La Biblia indica claramente que Jesucristo era de la descendencia del Rey David “Libro de la genealogía de Jesucristo, hijo de David… Mt. 1:1 y Lc. 1:27 “. Habían pasado ya varios siglos de retorno de algunos exiliados a Jerusalén y, al parecer, los descendientes de David habían venido a ser una familia pobre. Algunos opinan que la genealogía de Lc. 3:23-38 corresponde a los a los antepasados de Maria, la cual entonces, tambien sería descendiente de David.

María la Madre del Señor y Elisabet, la madre de Juan el Bautista, eran parientes Lc. 1:36, pero juan no conoció al Señor Jesús hasta el momento en que se encuentran a orillas del rio Jordán, cuando ya el Bautista llevaba algún tiempo ejerciendo su ministerio y el señor Jesús estaba a punto de comenzar el suyo. Jn. 1:33

El hecho mismo de que trataba de la encarnación de Dios en la persona de un ser humano es el más maravilloso de los prodigios, el gran “misterio de la piedad” 1 Ti. 3:16. Además de la gran cantidad de profecias que anunciaban este acontecimiento, el desarrollo del mismo estuvo rodeado de eventos extraordinarios, como fueron las distintas visiones y anuncios angelicales, maria y a José Mt. 1:20, Lc. 1:26-37, el nacimiento de juan el Bautista y el mensaje de ángel sobre un papel futuro Lc. 1:5-23,39-45, la aparición de la estrella y la adoración de los magos. Mt. 2:1-12. etc.. Además, siendo todavía un recién nacido, fue reconocido como Mesias por pesonajes como Simeón Lc. 2:25-35 y Ana Lc. 2:36-38.

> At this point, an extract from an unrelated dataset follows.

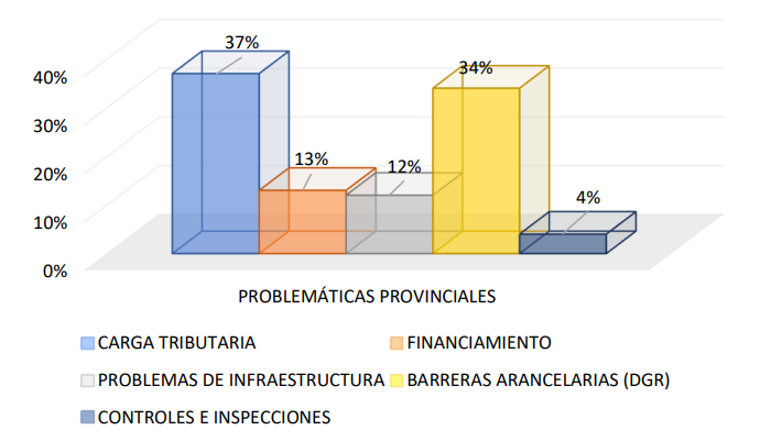 En cuanto a las PROBLEMÁTICAS PROVINCIALES, se observan la carga tributaria (37%) y las barreras arancelarias (DGR) (34%), seguidas por problemas con la infraestructura (12%), el financiamiento (13%).

Las escrituras casi no ofrecen detalles sobre esta época de la vida de Jesucristo. Solo se nos narra un incidente ocurrido cuando tuvo doce años, que se quedó en el templo sin que lo supiesen José y madre, que lo encontraron tres días después. La respuesta del Señor ante la reconvención que le hace su madre “Porque me buscaban” No saben que en los negocios de mi padre es necesario estar. demuestra una toma de conciencia de su misión aun en esa edad temprana y , al mismo tiempo, apunta hacia la naturaleza humana del Señor, que era en ese entonces un muchacho que “crecía en sabiduría y en estatura, y en la gracia para con Dios y los hombres” Lc. 2:41-52. Estas palabras hacen énfasis en la humanidad del Señor que, como ser humano, no nació sabiéndolo todo, sino que fue creciendo y aprendiendo.

La imaginación de los hombres, sin embargo, no quiso respetar el silencio de Dios sobre este proceso de su formación humana y se levantaron muchos relatos fantasiosos sobre la niñez del Señor Jesús , que aparecieron en forma de evangelios apócrifos que no merecen crédito alguno.

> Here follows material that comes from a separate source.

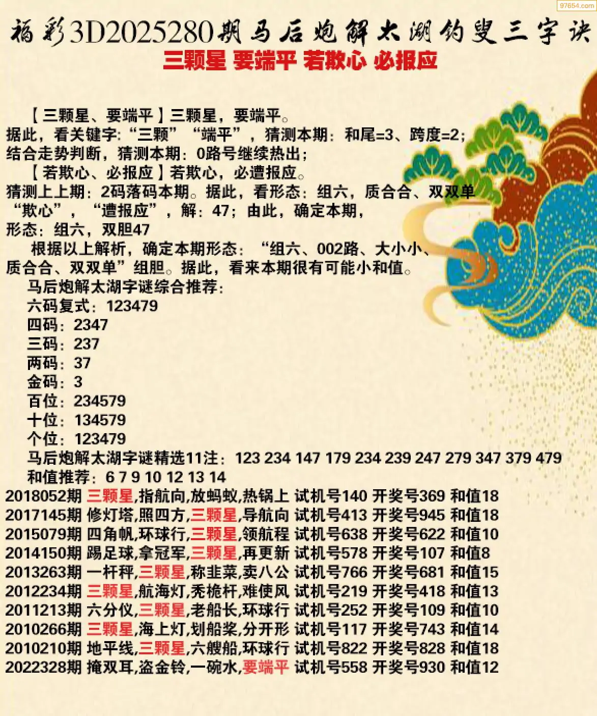 25280期福彩3d太湖钓叟三字诀历史汇总

La Biblia tambien calla conr especto a la educación del Señor. Al no ser de la tribu de Levi (como lo era su pariente Juan el Bautista), no se esperaba que recibiera un entrenamiento especial. No hay alusión bíblica alguna sobre su participación en alguna rabínica. Los niños y jóvenes eran educados por sus padres. La sinagoga , a la cual el Señor era un asiduo asistente, tenía también una función educativa. Las escuelas como tales, surgieron en Israel en el siglo inmediatamente anterior al nacimiento del Señor Jesús, pero es dudoso que existiera una en Nazaret, que rea una localidad considerada sin importancia “De Nazaret puede salir algo de bueno”  Jn. 1:46. el Señor Jesús fue conocido como “el hijo del carpintero” Mt. 13:55, Mr. 6:3, por lo cual hay que deducir que aprendió ese oficio. sin embargo, la extremada religiosidad de Jose y Maria, como se muestra por sus actitudes y palabras registradas en la Biblia, indican que estaban en condiciones de ofrecer al Señor Jesús una formación religiosa muy buena, la cual éste seguramente incrementó con su gran capacidad de aprendizaje, lo cual quedó demostrado en el incidente demostrado en Lc. 2:41-52, cuando sus padres lo encontraron  “sentado en el medio de los doctores de la ley, oyéndoles y preguntándoles “. De todos modos, muchas de las palabras del Señor demuestran un conocimiento amplísimo de las enseñanzas de los rabinos de su época.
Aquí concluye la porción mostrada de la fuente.